La présidente de la transition centrafricaine a montré que les liens entre elle et le chef de l’Etat ivoirien étaient beaucoup trop forts et n’a donc pas hésité à forcer le destin pour se faire loger au Palazo Hôtel de Johannesburg où Alassane Dramane Ouattara et ses proches étaient descendus à l’occasion de la tenue du 25 è sommet de l’Union Africaine. A moins que ce ne soit Ouattara lui-même qui ait fait jouer son pouvoir pour que madame Panza se rapproche de lui. Toujours est-il que les deux personnalités se sont rencontrées officiellement deux fois pendant les deux jours qu’on durées les assises du 25è sommet de l’Union Africaine.

En diplomatie, ce type de rencontre relève en fait d’une pure banalité. Sauf que les services secrets français avaient déjà alerté l’opinion sur le fait que 500 mercenaires de l’ex-mouvement rebelle centrafricain, qui avait momentanément pris le pouvoir en Centrafrique après avoir chassé son titulaire François Bozizé, sont positionnés en Côte d’Ivoire. Or, courant mai de cette année, le chef de l’Etat ivoirien a reçu Sabi Mandjo, le délégué Europe de la Séléka qui continue d’entretenir un réseau de combattants. Cadre de l’aviation civile, Sabi Mandjo est en effet la touche intellectuelle d’un réseau de combattants peulhs pro-Séléka mis en place par le général Ali Darrassa Mahamat alias « Ali Darass ». Cet ancien chef d’état major de la Centrafrique sous la présidence de Michel Djotodia Am Non droko, a été débarqué fin juillet 2014. C’est lui qui a créé le réseau peulh de combattants de la Séléka après l’arrestation du chef historique de la rébellion centrafricaine Abdel Kader Baba Laddé. Apréhendé le 3 septembre 2012 à Bangui, le chef du front populaire du redressement est actuellement détenu au Tchad visé, pour la deuxième fois, et pour cette raison, par les activistes terroristes de la secte Bôko Haram.

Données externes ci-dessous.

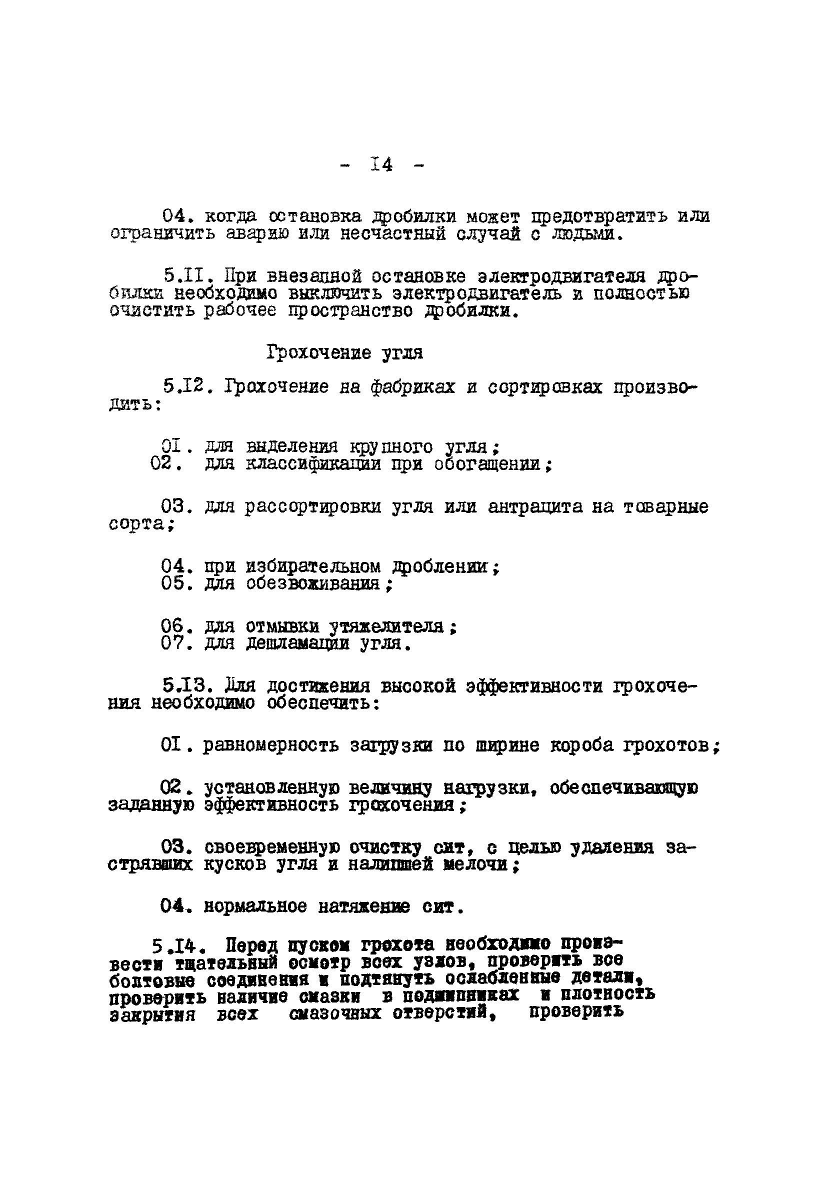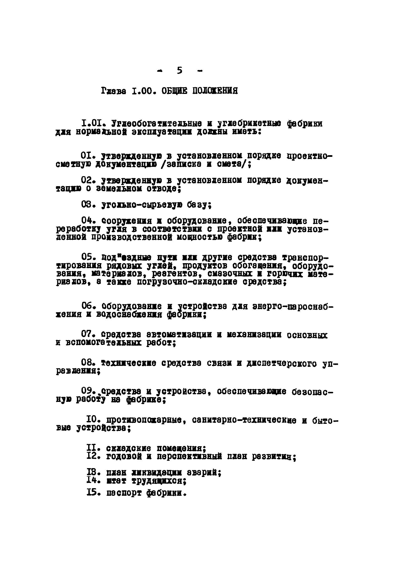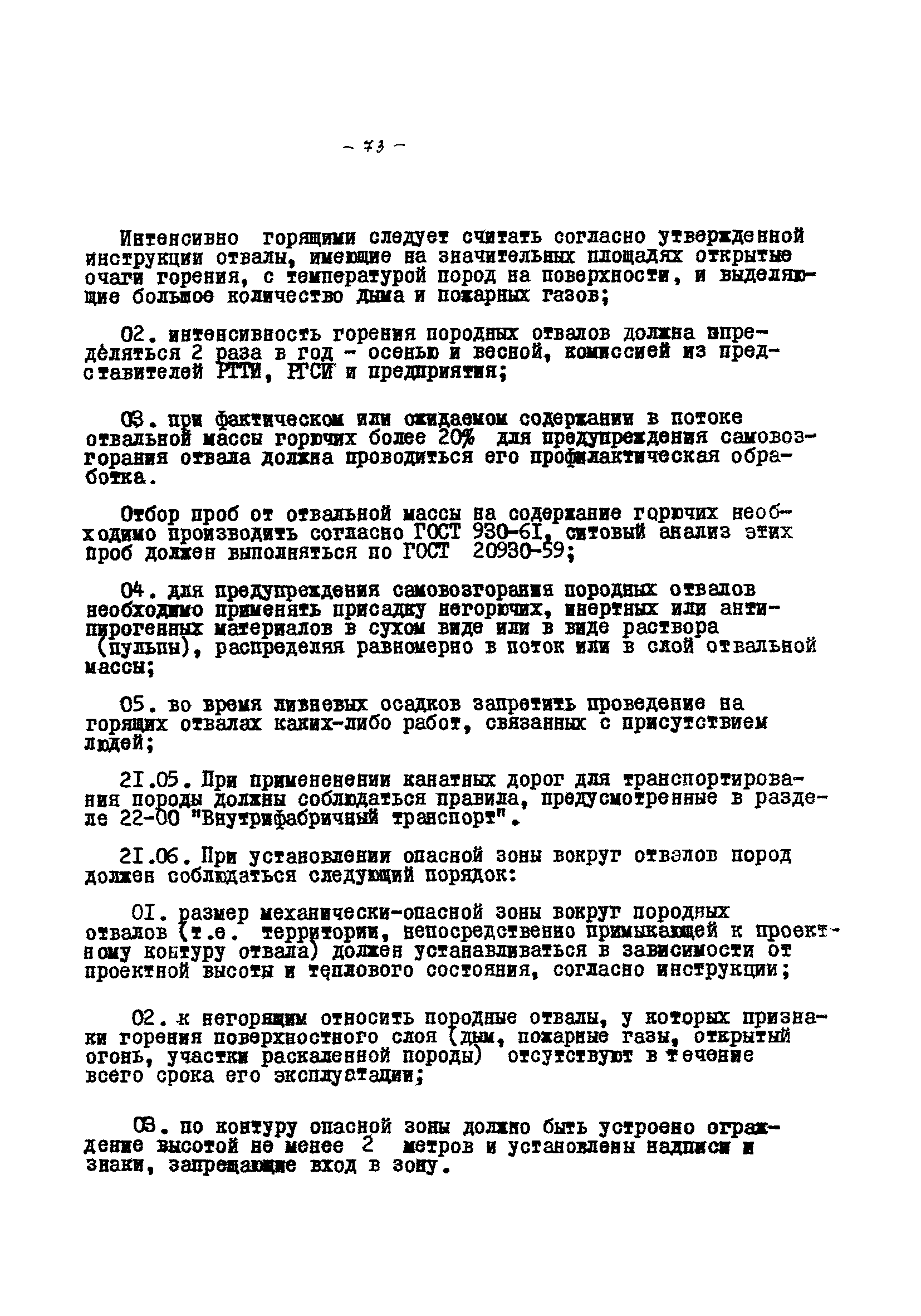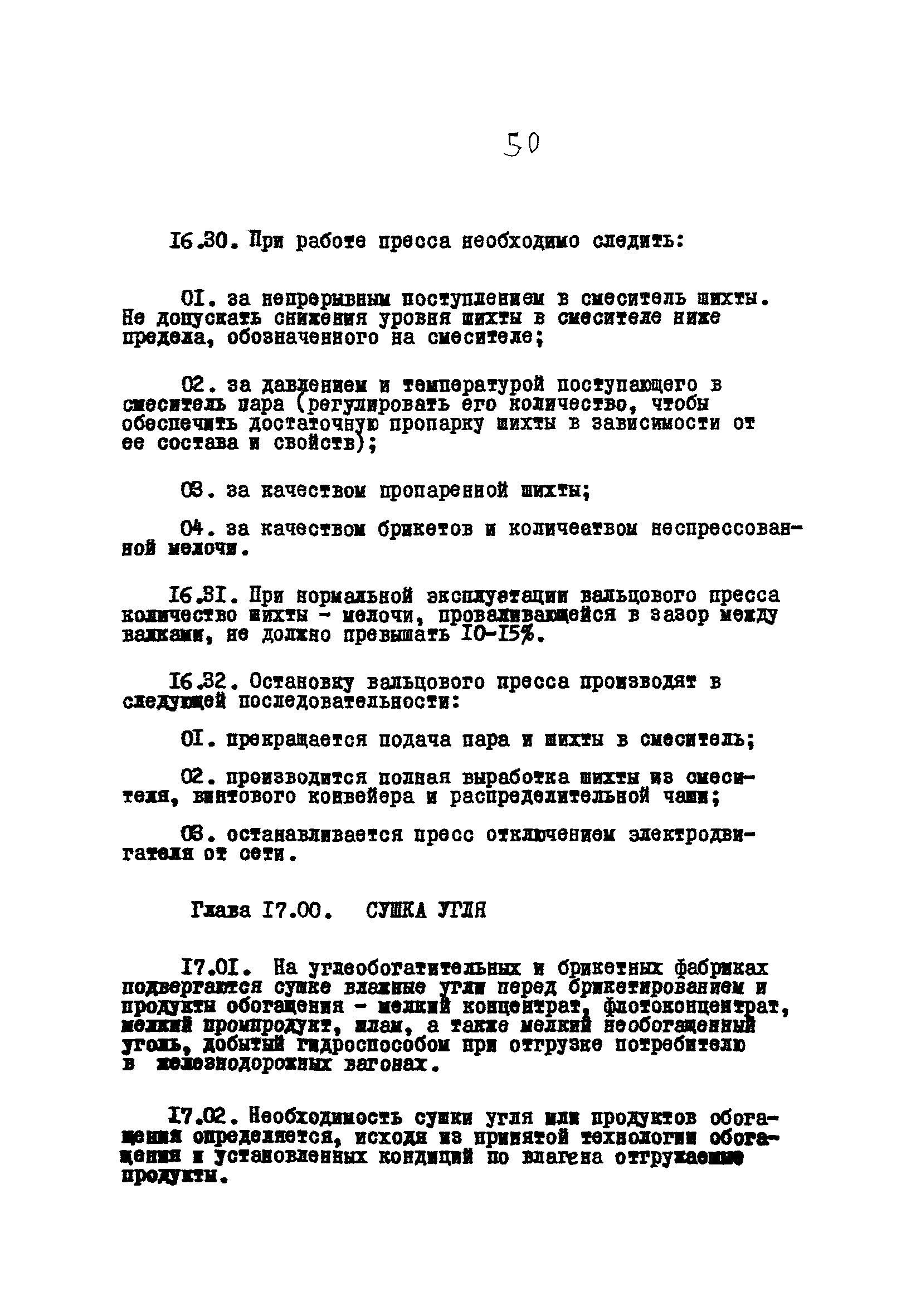 Временные правила технической эксплуатации углеобогатительных, брикетных фабрик и сортировок| Статус: | справочные материалы, мп, тпр | | Название рус.: | Временные правила технической эксплуатации углеобогатительных, брикетных фабрик и сортировок | | Дата добавления в базу: | 01.01.2018 | | Дата актуализации: | 01.01.2021 | | Область применения: | Правила обязательны для выполнения всеми предприятиями и организациями Министерства угольной промышленности СССР. | | Оглавление: | 1 Общие положения 2 Качество углей Общие положения Приемка углей 3 Разгрузка рядовых углей и утяжелителей 4 Дозировка и смешение углей 5 Дробление, грохочение и удаление из угля посторонних предметов Дробление угля Грохочение угля Удаление посторонних предметов 6 Дешламация и обемпыливание угля 7 Гидравлическая отсадка углей 8 Обогащение в тяжелых водно-минеральных суспензиях 9 Обогащение в моечных желобах 10 Пневматическое обогащение 11 Флотация угольной пыли и шламов 12 Обезвоживание 13 Водно-плановое хозяйство 14 Подготовка и сушка угля перед брикетированием 15 Прием и присадка связующих веществ 16 Прессование углей 17 Сушка угля Сушка в газовых барабанных и трубах—сушилках Слоевые топки Пылеугольные топки Шлак золоудаление Паровые трубчатые барабанные сушилки 18 Пуск и остановка оборудования фабрики 19 Погрузка и взвешивание продуктов обогащения, брикетов и сортового угля 20 Хранение угля и продуктов его переработки 21 Отвальное хозяйство Обычные отвалы Гидроотвалы 22 Внутрифабричный транспорт Подвесные канатные дороги Грузоподъемные краны Лифты 23 Водоснабжение и канализация Хозяйственно-питьевое водоснабжение Техническое и противопожарное водоснабжение Канализация 24 Технический контроль 25 Контроль технологического процесса 26 Качественно-количественный баланс 27 Электротехническое хозяйство Общие положения Электроснабжение Распределение электрической энергии Электрооборудование Крановое электрооборудование Автоматика и релейная защита Электроизмерительные приборы Заземление Надзор и контроль 28 Диспетчерская служба 29 Производственная сигнализация 30 Телефонная, громкоговорящая и другие способы связи 31 Компрессорные установки 32 Ремонтная служба 33 Пылеулавливание. Промышленная санитария и гигиена Гидрообеспыливание Уборка помещений Промышленная вентиляция Отопление 34 Санитарно-технические и бытовые службы 35 Первая медицинская помощь 36 Эксплуатация зданий и сооружений 37 Учет продукции 38 Производственный и технологический режим работы фабрик и сортировок 39 Техническое нормирование 40 Организация социалистического соревнования 41 Инструктаж рабочих 42 Управление фабрикой 43 Паспорт фабрики (паспортизация зданий, сооружений, оборудования и средств автоматизации) 44 Производственные инструкции, техника безопасности и противопожарные мероприятия Производственные инструкции Техника безопасности Противопожарные мероприятия 45 Ответственность за нарушение правил технической эксплуатации | | Разработан: | Центрогипрошахт

La dernière attaque qui s’est déroulée le lundi 13 juillet dernier dans la capitale tchadienne a fait quinze victimes et porte la signature de la secte nigériane qui forme les combattants du réseau régional de peulhs…

Aucune information n’a filtré sur les deux rencontres officielles entre Ouattara et madame Panza. Il en est d’ailleurs de même de celle entre le chef de l’Etat ivoirien et le délégué Europe de la Séléka, Sabi Mandjo, à Abidjan. Cependant, il est de notoriété publique que même parti du pouvoir la machine Séléka tourne à plein régime. D’ailleurs, si ses rebelles ne sont plus officiellement les bienvenus à Bangui, ils sont néanmoins tolérés par la présidente de la transition qui fut l’ex-maîtresse de Michel Dotodja et qui continue d’être accusée de vouloir faire le lit à un retour au pouvoir de l’éphémère président de la Centrafrique exilé au Bénin où Ouattara a déjà des atomes crochus, notamment avec son président Yaï Boni. Traqués par ailleurs par le Tchad, le Niger et le Nigeria en raison de leurs accointances avec la secte terroriste Bôkô Haram, des milliers de combattants peulhs, souvent bien armés, sont ainsi redescendus en Centrafrique et singulièrement à Bossangoa, 305 km au nord de Bangui, Bossambelé, 150 km, dans le Ndju. La totalité des effectifs dans ces deux régions est de 900 hommes puissamment armés. Leur puissance de feu est impressionnante selon des témoignages et les combattants disposent d’armes neuves. Bref, à bientôt trois mois de l’élection présidentielle, quelles peuvent être les raisons capables de justifier toutes ces accointances ? Està dire que Ouattara n’a pas confiance en son armée et qu’il pourrait, au besoin, se servir des « hôtes » de madame Panza ? Seuls les prochains jours nous le diront.